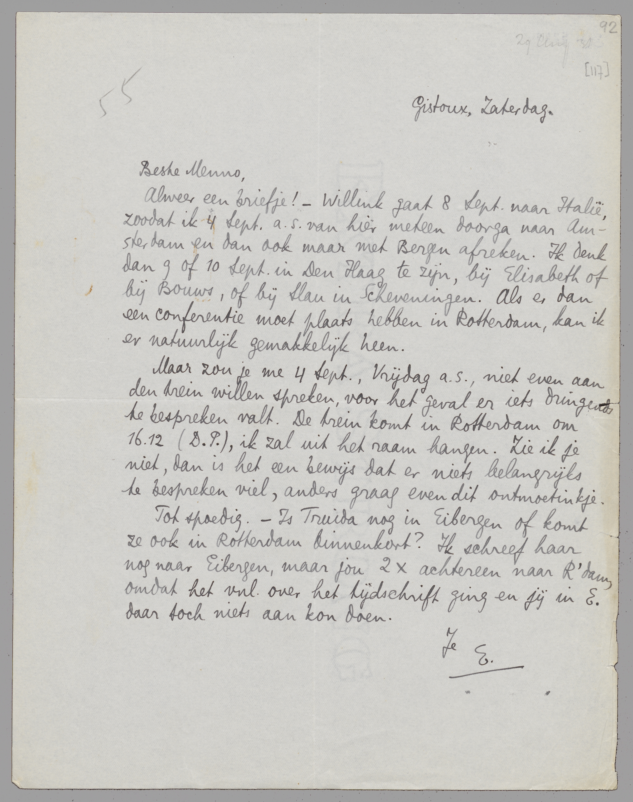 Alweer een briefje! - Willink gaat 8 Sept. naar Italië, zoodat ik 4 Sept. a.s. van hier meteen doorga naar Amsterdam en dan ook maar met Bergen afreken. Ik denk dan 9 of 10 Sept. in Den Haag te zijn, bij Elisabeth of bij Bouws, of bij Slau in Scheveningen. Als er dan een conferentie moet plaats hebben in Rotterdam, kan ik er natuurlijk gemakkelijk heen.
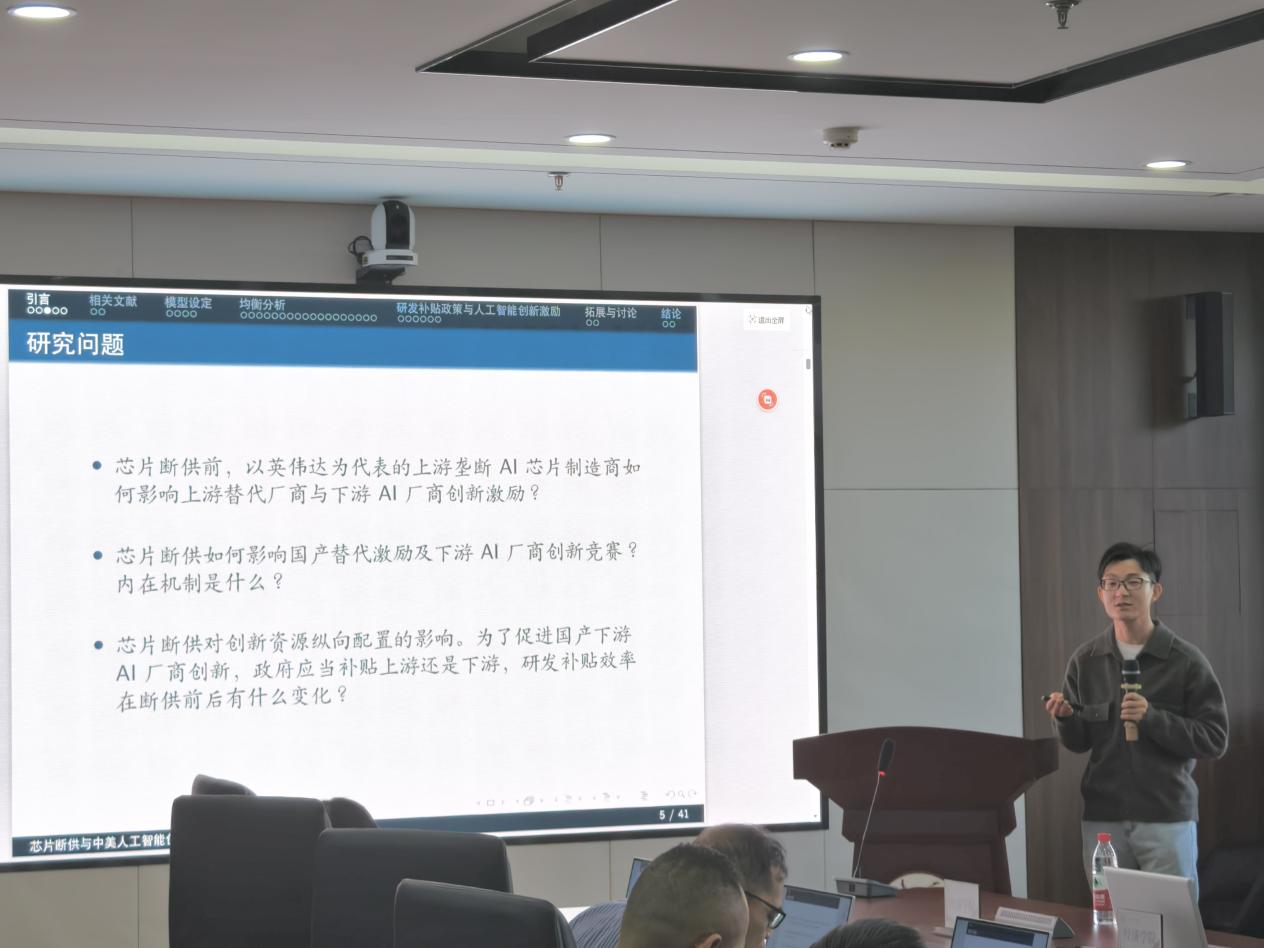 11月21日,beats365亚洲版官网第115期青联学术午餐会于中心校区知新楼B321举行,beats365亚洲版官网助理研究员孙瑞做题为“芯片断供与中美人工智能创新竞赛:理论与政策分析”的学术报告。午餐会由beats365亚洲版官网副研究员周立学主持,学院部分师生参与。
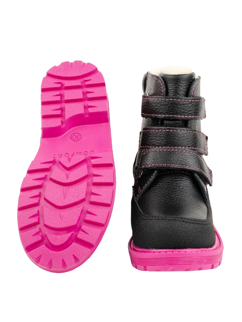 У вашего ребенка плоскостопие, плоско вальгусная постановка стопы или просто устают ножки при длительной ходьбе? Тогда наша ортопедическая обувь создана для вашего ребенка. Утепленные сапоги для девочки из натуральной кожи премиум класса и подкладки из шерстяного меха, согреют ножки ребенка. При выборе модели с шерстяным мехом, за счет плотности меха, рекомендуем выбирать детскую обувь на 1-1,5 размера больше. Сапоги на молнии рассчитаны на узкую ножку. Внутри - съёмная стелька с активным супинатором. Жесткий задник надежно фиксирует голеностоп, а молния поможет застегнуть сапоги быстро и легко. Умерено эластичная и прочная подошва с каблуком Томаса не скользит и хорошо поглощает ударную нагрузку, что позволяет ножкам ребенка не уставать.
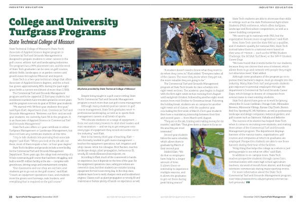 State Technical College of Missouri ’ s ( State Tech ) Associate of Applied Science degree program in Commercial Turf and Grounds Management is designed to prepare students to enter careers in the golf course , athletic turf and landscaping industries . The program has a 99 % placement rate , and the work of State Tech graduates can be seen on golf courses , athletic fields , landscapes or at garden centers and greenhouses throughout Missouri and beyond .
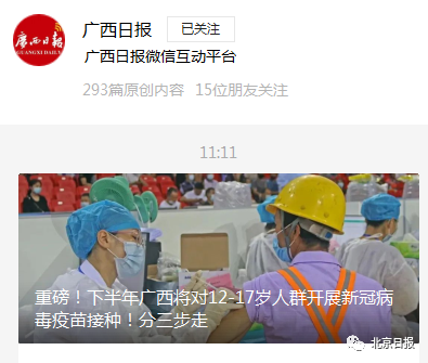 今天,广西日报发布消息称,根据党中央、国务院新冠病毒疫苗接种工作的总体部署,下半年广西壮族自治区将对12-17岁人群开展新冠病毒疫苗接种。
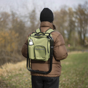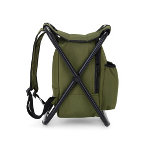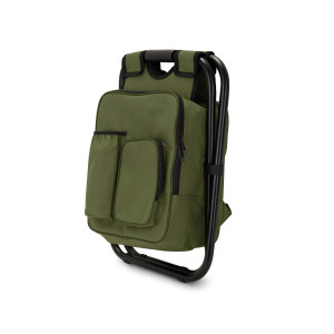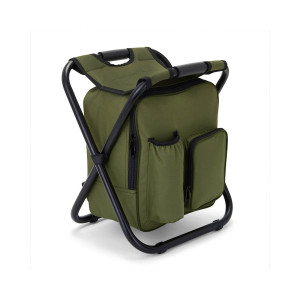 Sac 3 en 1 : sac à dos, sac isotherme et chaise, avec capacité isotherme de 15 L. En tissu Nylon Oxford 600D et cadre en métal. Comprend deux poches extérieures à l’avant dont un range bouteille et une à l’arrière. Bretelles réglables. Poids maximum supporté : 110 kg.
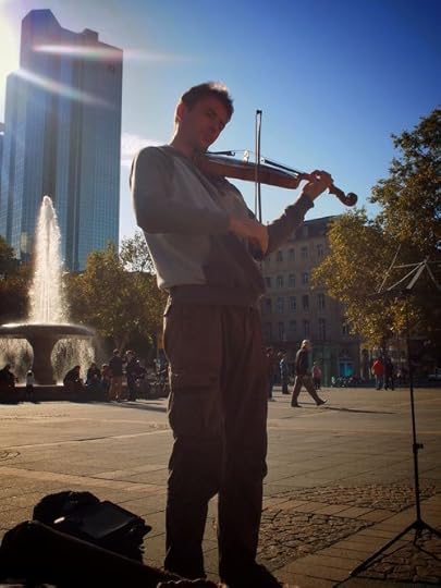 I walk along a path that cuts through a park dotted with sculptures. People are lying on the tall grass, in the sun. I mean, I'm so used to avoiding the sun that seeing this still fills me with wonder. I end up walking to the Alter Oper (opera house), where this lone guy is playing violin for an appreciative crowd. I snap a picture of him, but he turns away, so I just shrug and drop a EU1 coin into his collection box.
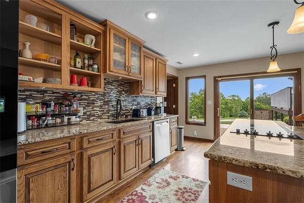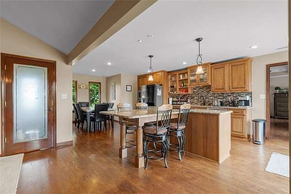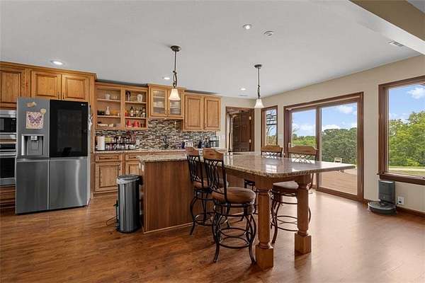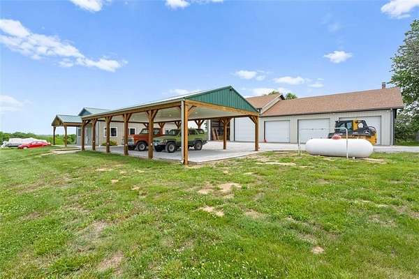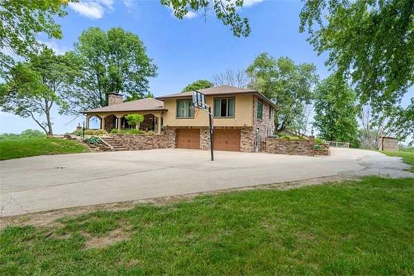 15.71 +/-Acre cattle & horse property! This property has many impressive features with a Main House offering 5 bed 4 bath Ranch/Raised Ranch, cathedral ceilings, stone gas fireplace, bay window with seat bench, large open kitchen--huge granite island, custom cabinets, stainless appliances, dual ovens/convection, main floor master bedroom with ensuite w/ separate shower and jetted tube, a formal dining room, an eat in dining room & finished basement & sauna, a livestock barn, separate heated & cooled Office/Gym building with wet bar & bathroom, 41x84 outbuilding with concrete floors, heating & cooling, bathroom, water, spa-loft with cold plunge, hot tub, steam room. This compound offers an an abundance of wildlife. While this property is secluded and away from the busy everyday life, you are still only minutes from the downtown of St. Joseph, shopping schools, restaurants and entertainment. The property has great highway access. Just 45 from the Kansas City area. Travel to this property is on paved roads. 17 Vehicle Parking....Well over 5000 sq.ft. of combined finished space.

==

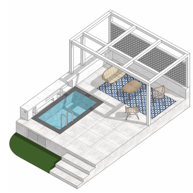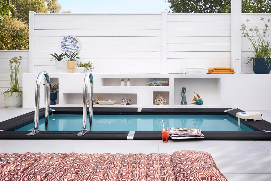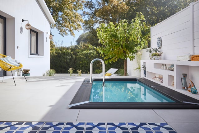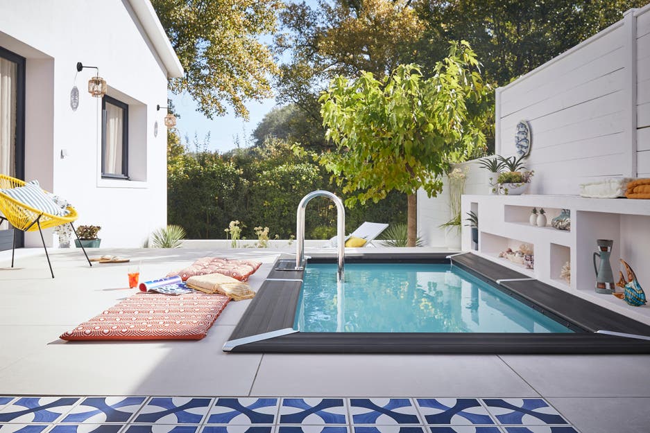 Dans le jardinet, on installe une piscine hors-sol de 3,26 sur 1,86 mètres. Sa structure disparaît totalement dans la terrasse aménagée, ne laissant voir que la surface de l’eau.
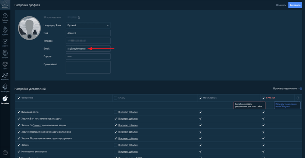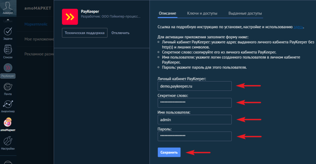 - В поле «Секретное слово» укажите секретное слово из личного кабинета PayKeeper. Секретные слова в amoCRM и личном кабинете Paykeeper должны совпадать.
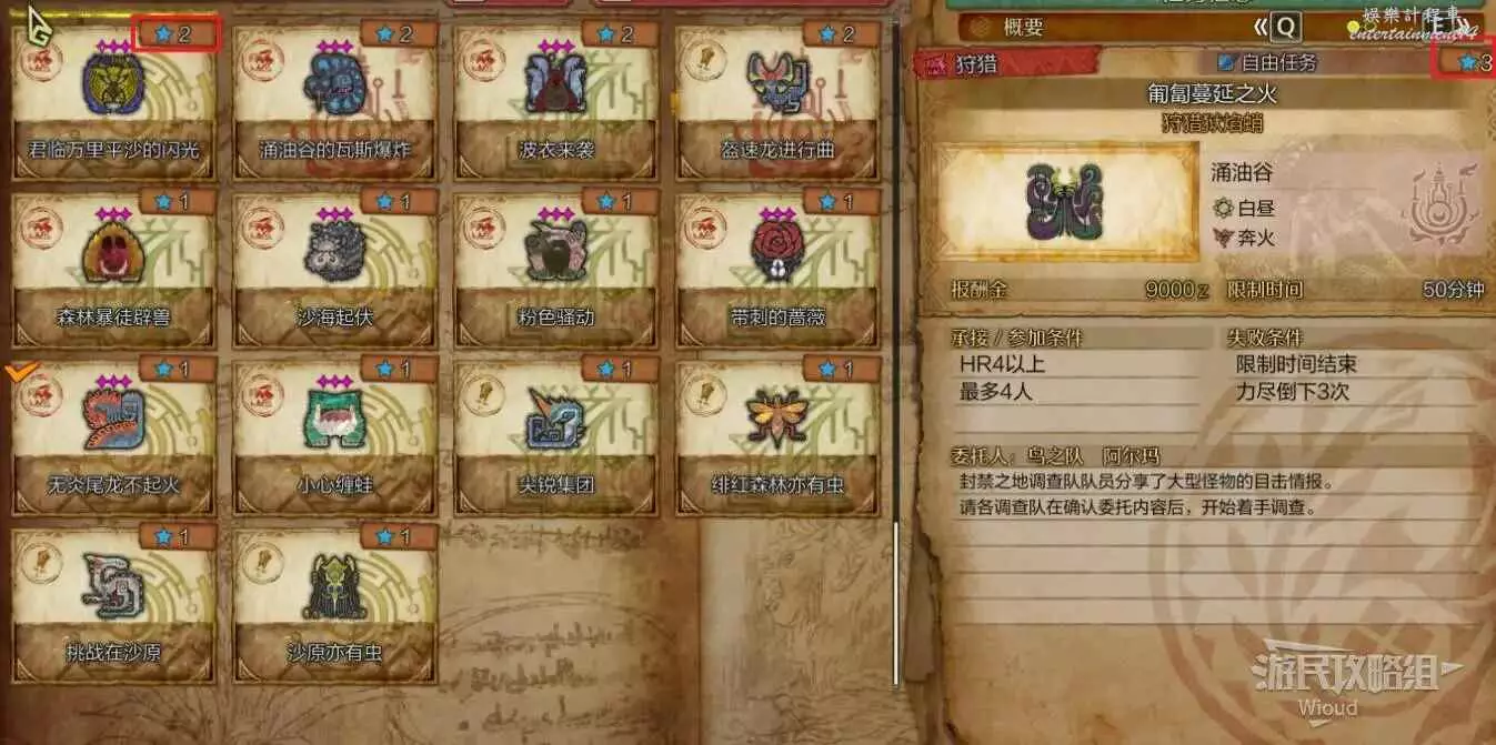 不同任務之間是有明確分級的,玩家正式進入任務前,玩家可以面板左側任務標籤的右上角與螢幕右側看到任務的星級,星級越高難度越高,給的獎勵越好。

==

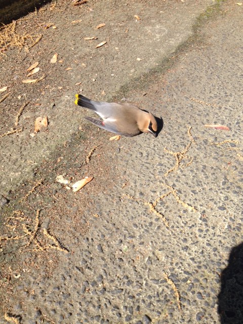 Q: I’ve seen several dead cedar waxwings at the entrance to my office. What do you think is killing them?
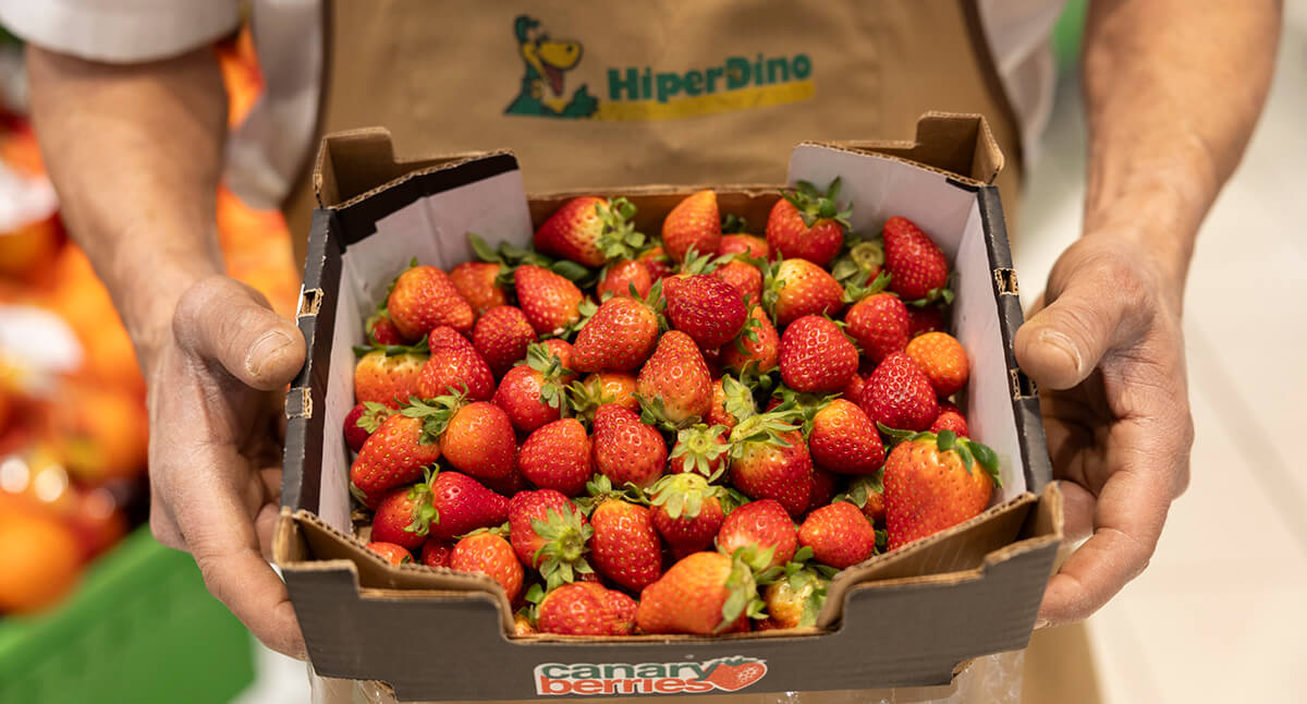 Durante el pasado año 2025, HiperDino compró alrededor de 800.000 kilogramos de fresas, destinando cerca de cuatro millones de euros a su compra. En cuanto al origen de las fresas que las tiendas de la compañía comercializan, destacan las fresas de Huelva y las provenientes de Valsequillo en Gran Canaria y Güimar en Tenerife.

What is being asked
Set down again, word for word, every line from the one with "Paykeeper должны совпадать." to the one with "不同任務之間是有明確分級的,玩家正式進入" in the entries above, and omit the pictures.

Reply
 - В поле «Секретное слово» укажите секретное слово из личного кабинета PayKeeper. Секретные слова в amoCRM и личном кабинете Paykeeper должны совпадать.
 不同任務之間是有明確分級的,玩家正式進入任務前,玩家可以面板左側任務標籤的右上角與螢幕右側看到任務的星級,星級越高難度越高,給的獎勵越好。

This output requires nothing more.